X_train, X_test, y_train, y_test = train_test_split(
X, y, test_size=0.2, random_state=42
)
param_grid = {
"poly__degree": [1, 2, 3],
"ridge__alpha": np.logspace(-3, 3, 7)
}
gs = GridSearchCV(
pipe, param_grid,
cv=5,
scoring="neg_root_mean_squared_error",
n_jobs=-1, verbose=1
)
gs.fit(X_train, y_train)
print("Best parameters:", gs.best_params_)
6. Evaluate Model
y_pred = gs.predict(X_test)
rmse = mean_squared_error(y_test, y_pred, squared=False)
r2 = r2_score(y_test, y_pred)
print(f"Test RMSE (growth rate): {rmse:.4f}")
print(f"Test R² : {r2:.3f}")
7. Inspect Key Polynomial Coefficients
Coefficient inspection: reveals which nonlinear or interaction features—such as squared prior sales or cross-terms with promo flags—most strongly drive predicted growth, offering actionable levers (e.g. optimal promo timing relative to past sales).
# Retrieve polynomial feature names
poly = gs.best_estimator_.named_steps["poly"]
# Get names from the preprocessing step
prep = gs.best_estimator_.named_steps["prep"]

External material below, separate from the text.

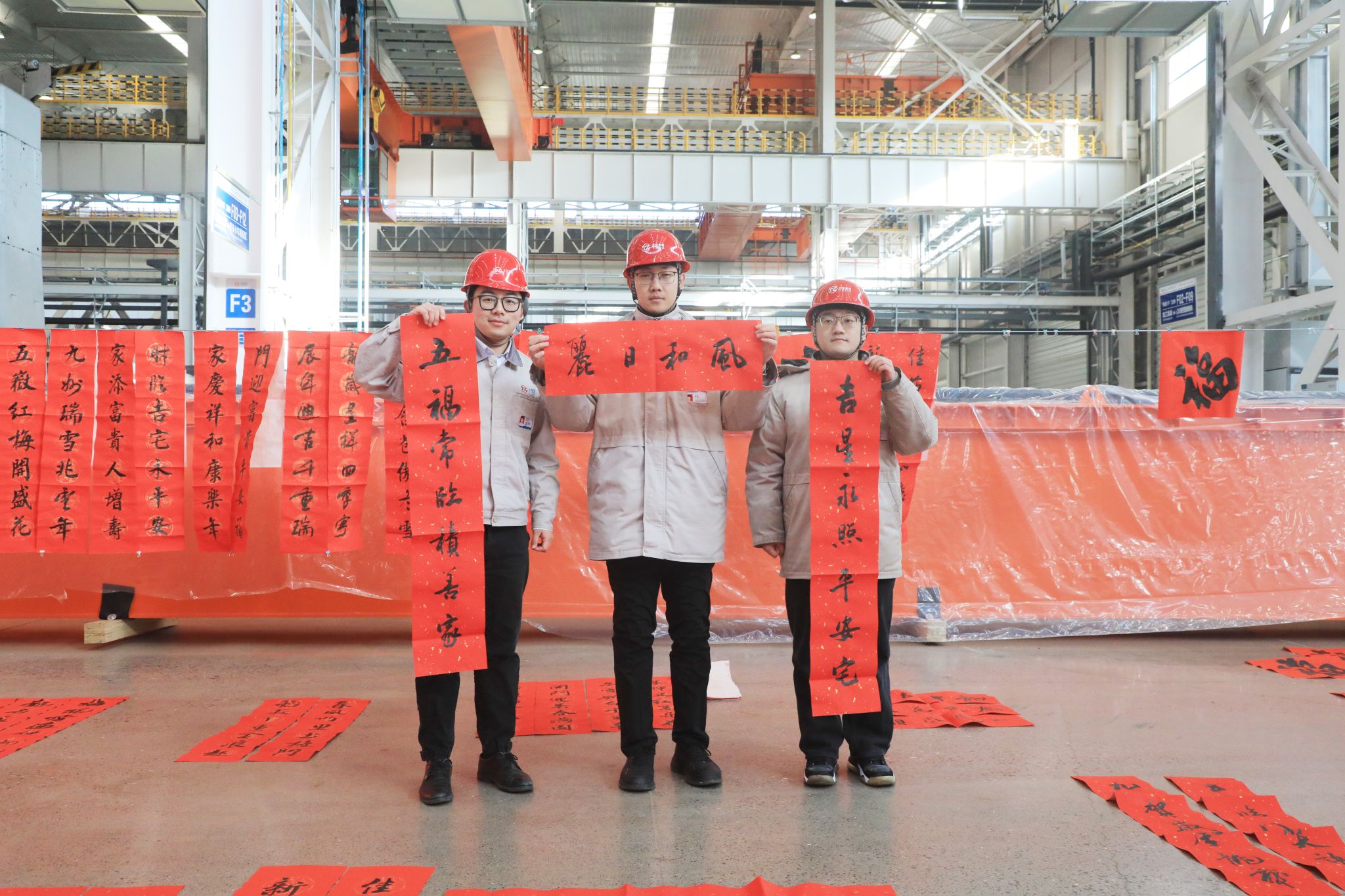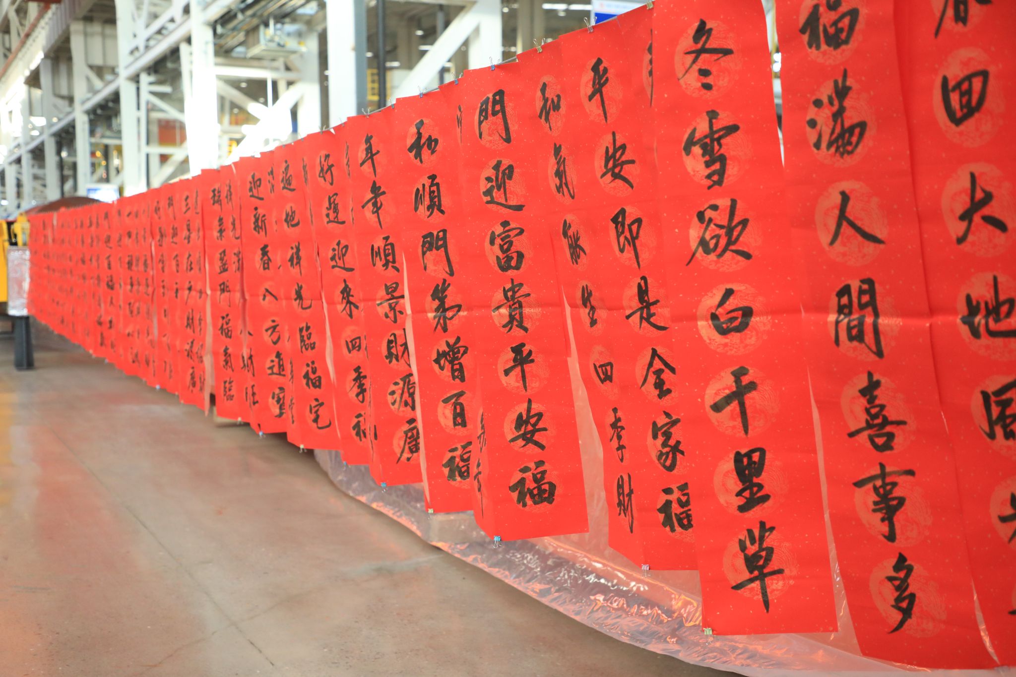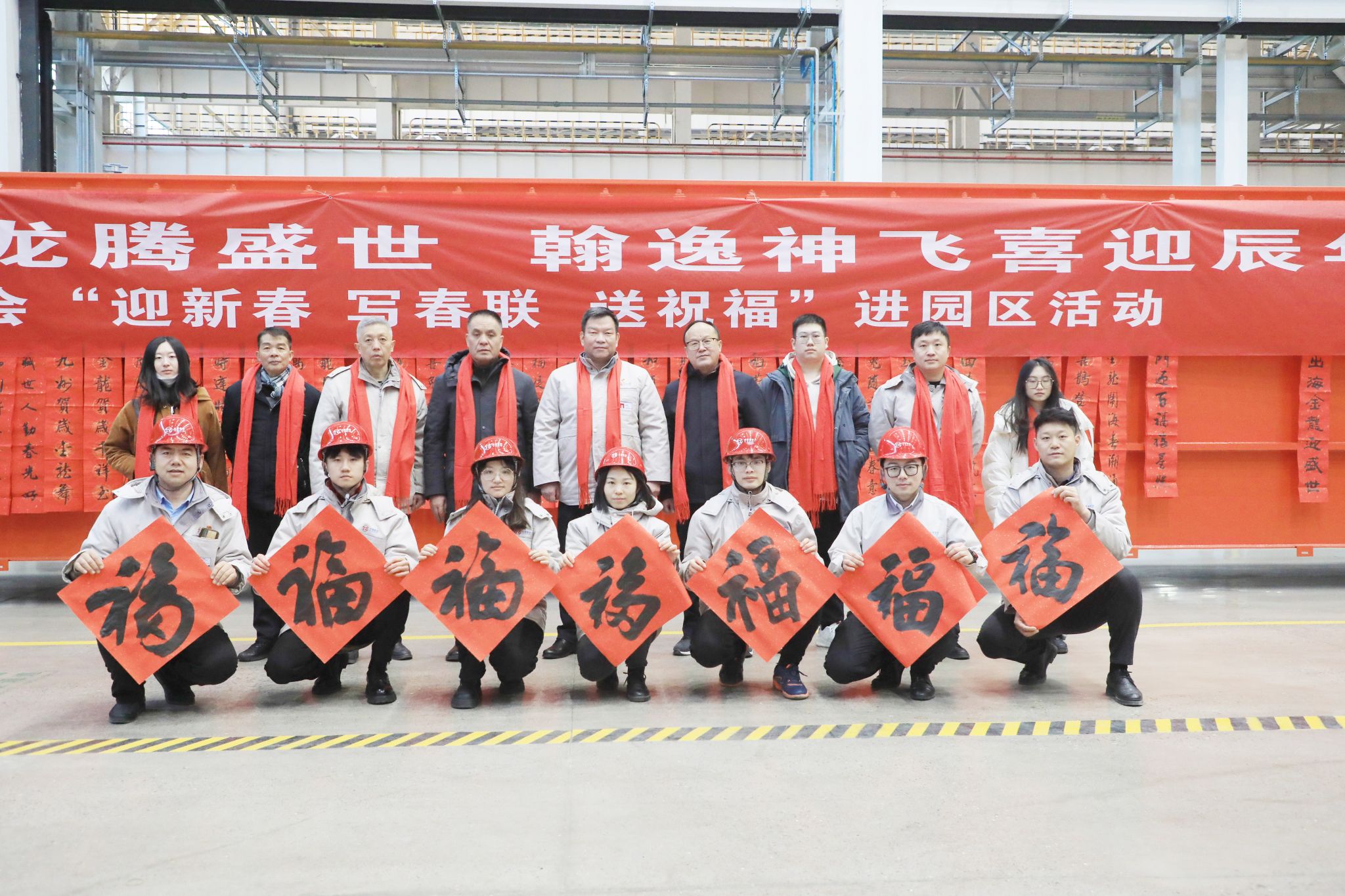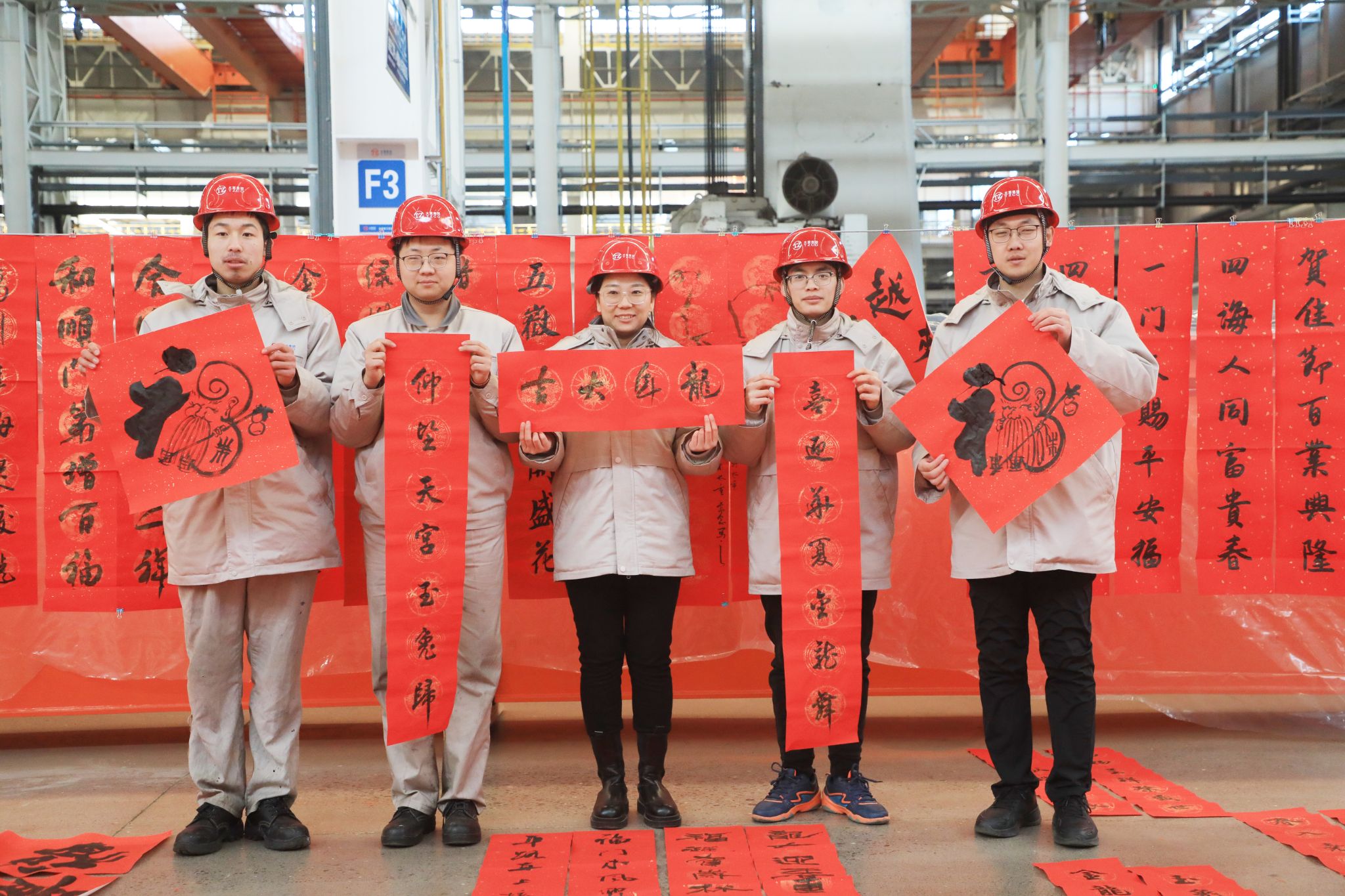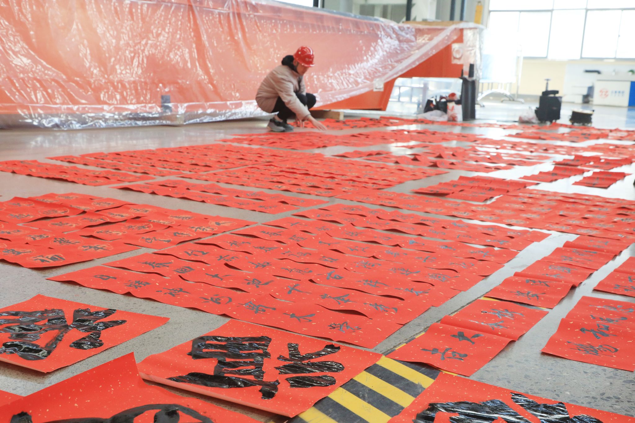 為豐富職工文化生活、喜迎龍年新春,1月23日,公司工會(huì)舉辦“迎新春 寫春聯(lián) 送祝福”進(jìn)園區(qū)活動(dòng),在太重智能高端裝備產(chǎn)業(yè)園區(qū)加工裝配聯(lián)合廠房,來自省內(nèi)的知名書法家和公司書法愛好者們齊聚一堂,為各子分公司職工義務(wù)書寫春聯(lián),以這種喜慶的形式向廣大干部職工送上春節(jié)的祝福。集團(tuán)公司黨委專職副書記、副董事長、工會(huì)主席張新偉參加活動(dòng)。
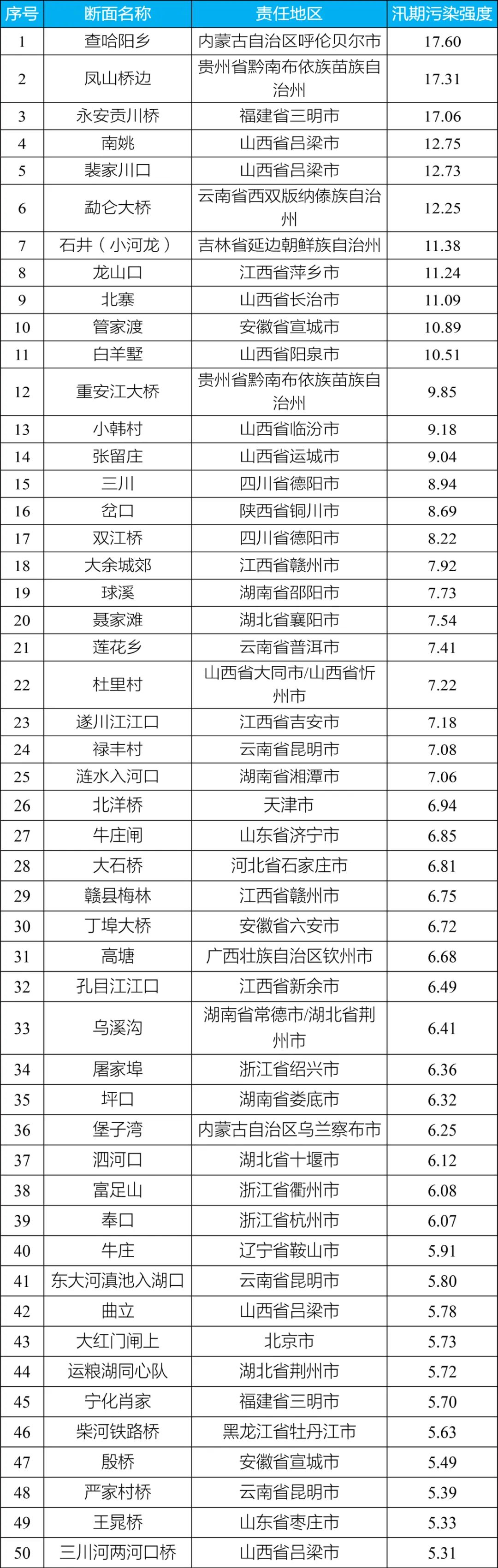 2022年上半年地表水汛期污染強(qiáng)度前50名斷面清單

num_features = prep.transformers_[0][2]
cat_features = prep.named_transformers_["cat"].get_feature_names_out(cat_cols)
all_inputs = np.hstack([num_features, cat_features])
feat_names = poly.get_feature_names_out(input_features=all_inputs)
coefs = gs.best_estimator_.named_steps["ridge"].coef_
# Plot top 10 by absolute value
import pandas as pd
coef_series = pd.Series(coefs, index=feat_names).abs().sort_values(ascending=False)
plt.figure(figsize=(8,5))
coef_series.head(10).plot(kind="barh")
plt.gca().invert_yaxis()
plt.title("Top Polynomial Features Driving Sales Growth")
plt.xlabel("Coefficient magnitude")
plt.tight_layout()
plt.show()
Summary
By integrating polynomial feature engineering with Ridge regularisation into a robust pipeline, we deliver:
- Accurate nonlinear forecasts of retail sales growth (low RMSE, high R²).
- Controlled model complexity via α tuning, avoiding spurious high-order effects.
- Interpretable insights: top polynomial features guide decisions on promotion timing, inventory allocation, and competitive positioning to maximise next-week sales growth.